Hi, thanks for your reply.  What did you not like about the HB511?  This will be the first trailer I have ever owned and I know nothing about them, so any advice is useful.  I must admit I am dreading doing the actual towing bit, no doubt I will have to practise my reversing lots (not sure I'll ever get the hang of it...!).


----------



## StarcatcherWilliam (2 September 2011)

I've just been looking at the Bateson ones - do they not make one suitable for 17hh+ horses?  Mine is 17.1 with high set neck, so she will need a big box!


----------



## CeeBee (2 September 2011)

I was after an Ifor 510/11 but instead bought a Wessex Olympian. It is the same size as the Ifor if not slightly bigger but much more luxurious inside as sides have lovely padding. Very pleased with it and Harvey has loads of room


----------



## Luci07 (2 September 2011)

The Bateson is upto 17 hands. Having said that my boy is just over and fits fine! 

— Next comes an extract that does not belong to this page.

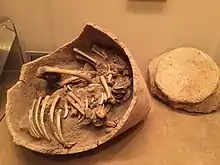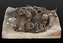 يرجع تاريخ الدفن لدى البشر غير المختلف عليه حتى الآن إلى ما يقرب من 130000 عام. لا تزال الهياكل البشرية ملطخة بـالمغرة الحمراء التي تم اكتشافها في كهف سكول (Skhul) في قافزيه (Qafzeh)، إسرائيل. ولا تزال هناك مجموعة مختلفة من أمتعة المقبرة في الموقع، من بينها الفك الأسفل للخنزير البري في أحد أزرعة الهياكل العظمية.[4]

Question - a friend is looking at buying a trailer. I told her to steer clear of the 511 and go for a second hand 510 (her horse is 17.1 wb) due to the poor press they have had on here. Ifor told here that they have sorted out the issues and apparently the 511 is a lot bigger than the 510 - is that true?!


----------



## Jnhuk (3 September 2011)

I just borrowed a friends 511 recently when another friend had borrowed my lorry to go to ALW RC champs. I would suggest you look at accessories like a tack pack or saddle rack as I had a Bateson Deauville (and Equi-trek) previously and missed not being able to store my saddles in the trailer. You  will want ventilation but not sure what comes as standard.

The 511 seems a lot bigger than the 510 inside. The only things I didn't like about the 511 were the lack of appropriate tie up ring for a haynet in front of the horses and stupidly that I got locked inside the thing when both ramps were up and couldn't open the jockey door - I later discovered there is a knack of opening it from the inside!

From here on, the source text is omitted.